→ **Records for the task**:
----------------

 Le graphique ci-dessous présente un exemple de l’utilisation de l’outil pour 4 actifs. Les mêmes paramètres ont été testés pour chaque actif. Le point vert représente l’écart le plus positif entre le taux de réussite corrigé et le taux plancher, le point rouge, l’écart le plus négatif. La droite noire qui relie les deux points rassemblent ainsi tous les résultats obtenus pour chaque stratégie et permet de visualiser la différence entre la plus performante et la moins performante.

----------------

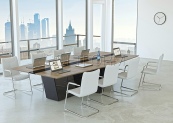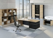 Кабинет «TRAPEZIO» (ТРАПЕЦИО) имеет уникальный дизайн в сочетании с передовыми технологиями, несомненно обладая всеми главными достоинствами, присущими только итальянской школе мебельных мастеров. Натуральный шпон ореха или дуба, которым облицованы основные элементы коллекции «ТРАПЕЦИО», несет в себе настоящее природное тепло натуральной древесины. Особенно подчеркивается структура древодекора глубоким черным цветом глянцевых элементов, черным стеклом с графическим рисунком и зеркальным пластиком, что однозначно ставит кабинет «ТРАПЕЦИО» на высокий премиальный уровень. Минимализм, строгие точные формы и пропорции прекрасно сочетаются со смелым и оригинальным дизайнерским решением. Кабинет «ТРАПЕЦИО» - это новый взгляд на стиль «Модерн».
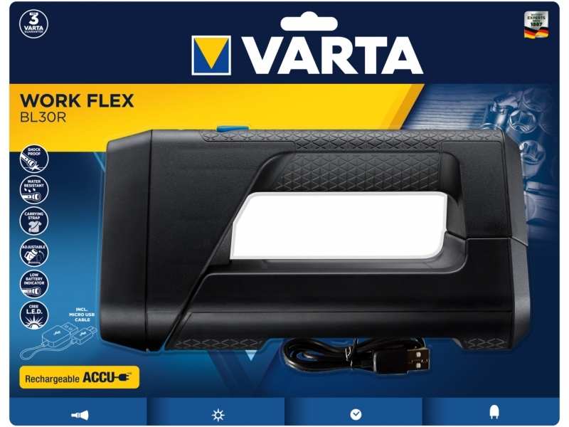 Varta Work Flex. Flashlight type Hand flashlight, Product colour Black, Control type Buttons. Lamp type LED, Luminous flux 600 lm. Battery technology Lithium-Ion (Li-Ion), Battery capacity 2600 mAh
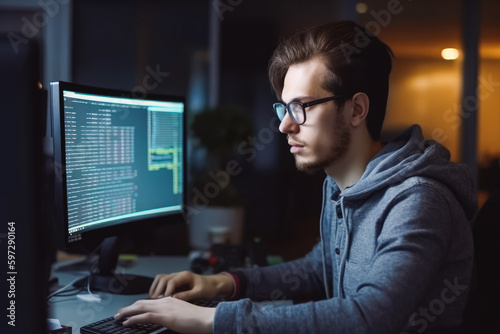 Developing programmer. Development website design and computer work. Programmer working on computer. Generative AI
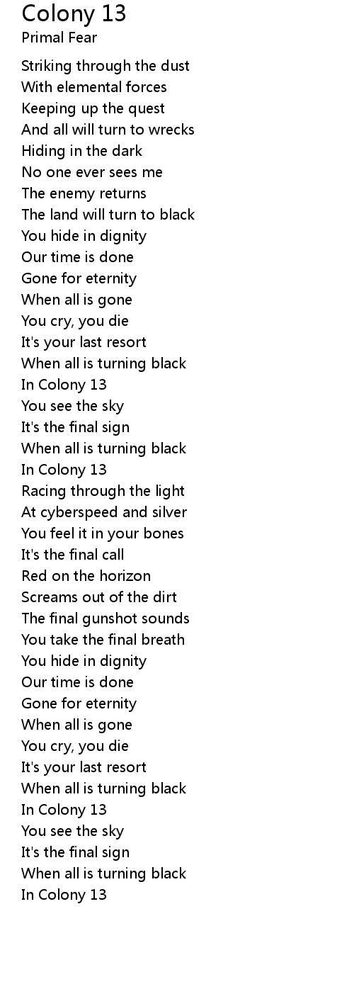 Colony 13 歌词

----------------

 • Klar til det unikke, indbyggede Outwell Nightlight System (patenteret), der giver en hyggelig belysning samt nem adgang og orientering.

----------------

→ **The task**: What are the lines in the records above, word for word, from the one containing "Developing programmer. Development" through the one containing "Colony 13 歌词", both ends included and pictures left out?

→ **Task output**:
 Developing programmer. Development website design and computer work. Programmer working on computer. Generative AI
 Colony 13 歌词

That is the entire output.